Sinovium mengalami keradangan dan akan memicu terjadinya efusi serta
proses keradangan kronik sendi yang terkena. Permukaan rawan sendi akan retak dan
terjadi fibrilasi serta fisura yang lama-kelamaan akan menipis dan tampak kehilangan
rawan sendi fokal. Selanjutnya akan tampak respon dari tulang subkhondral berupa
penebalan tulang, sklerotik dan pembentukkan kista. Pada ujung tulang dapat
dijumpai pembentukan osteofit serta penebalan jaringan ikat sekitarnya. Oleh sebab
itu pembesaran tepi tulang ini memberikan gambaran seolah persendian yang terkena
itu bengkak.5

Gambar 2.2 Osteoarthritis (emedicine, 2015)


2.8

Tanda dan Gejala Klinis


Pada umumnya, pasien OA mengatakan bahwa keluhan-keluhan yang

dirasakannya telah berlangsung lama, tetapi berkembang secara perlahan Berikut

adalah keluhan yang dapat dijumpai pada pasien OA :


a.

Nyeri sendi
Keluhan ini merupakan keluhan utama pasien. Nyeri biasanya bertambah dengan

gerakan dan sedikit berkurang dengan istirahat. Beberapa gerakan dan tertentu
terkadang dapat menimbulkan rasa nyeri yang melebihi gerakan lain. Perubahan ini
dapat ditemukan meski OA masih tergolong dini (secara radiologis). Umumnya
bertambah berat dengan semakin beratnya penyakit sampai sendi hanya bias
digoyangkan dan menjadi kontraktur, Hambatan gerak dapat konsentris (seluruh arah
gerakan) maupun eksentris (salah satu arah gerakan saja ).3
Kartilago tidak mengandung serabut saraf dan kehilangan kartilago pada sendi
tidak diikuti dengan timbulnya nyeri. Sehingga dapat diasumsikan bahwa nyeri yang
timbul pada OA berasal dari luar kartilago.3
Pada penelitian dengan menggunakan MRI, didapat bahwa sumber dari nyeri
yang timbul diduga berasal dari peradangan sendi (sinovitis), efusi sendi, dan edema
sumsum tulang.
Osteofit merupakan salah satu penyebab timbulnya nyeri.
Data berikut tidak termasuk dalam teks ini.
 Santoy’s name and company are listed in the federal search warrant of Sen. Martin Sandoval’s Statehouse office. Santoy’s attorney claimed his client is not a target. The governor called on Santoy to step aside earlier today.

Ketika osteofit
tumbuh, inervasi neurovaskular menembusi bagian dasar tulang hingga ke kartilago
dan menuju ke osteofit yang sedang berkembang Hal ini menimbulkan nyeri.6
Nyeri dapat timbul dari bagian di luar sendi, termasuk bursae di dekat sendi.
Sumber nyeri yang umum di lutut adalah akibat dari anserine bursitis dan sindrom
iliotibial band.3,8
b. Hambatan gerakan sendi
Gangguan ini biasanya semakin bertambah berat secara perlahan sejalan
dengan pertambahan rasa nyeri.3
c. Kaku pagi
Rasa kaku pada sendi dapat timbul setelah pasien berdiam diri atau
tidak melakukan banyak gerakan, seperti duduk di kursi atau mobil dalam waktu
yang cukup lama, bahkan setelah bangun tidur di pagi hari.3
d. Krepitasi
Krepitasi atau rasa gemeratak yang timbul pada sendi yang sakit. Gejala
ini umum dijumpai pada pasien OA lutut. Pada awalnya hanya berupa perasaan akan
adanya sesuatu yang patah atau remuk oleh pasien atau dokter yang memeriksa.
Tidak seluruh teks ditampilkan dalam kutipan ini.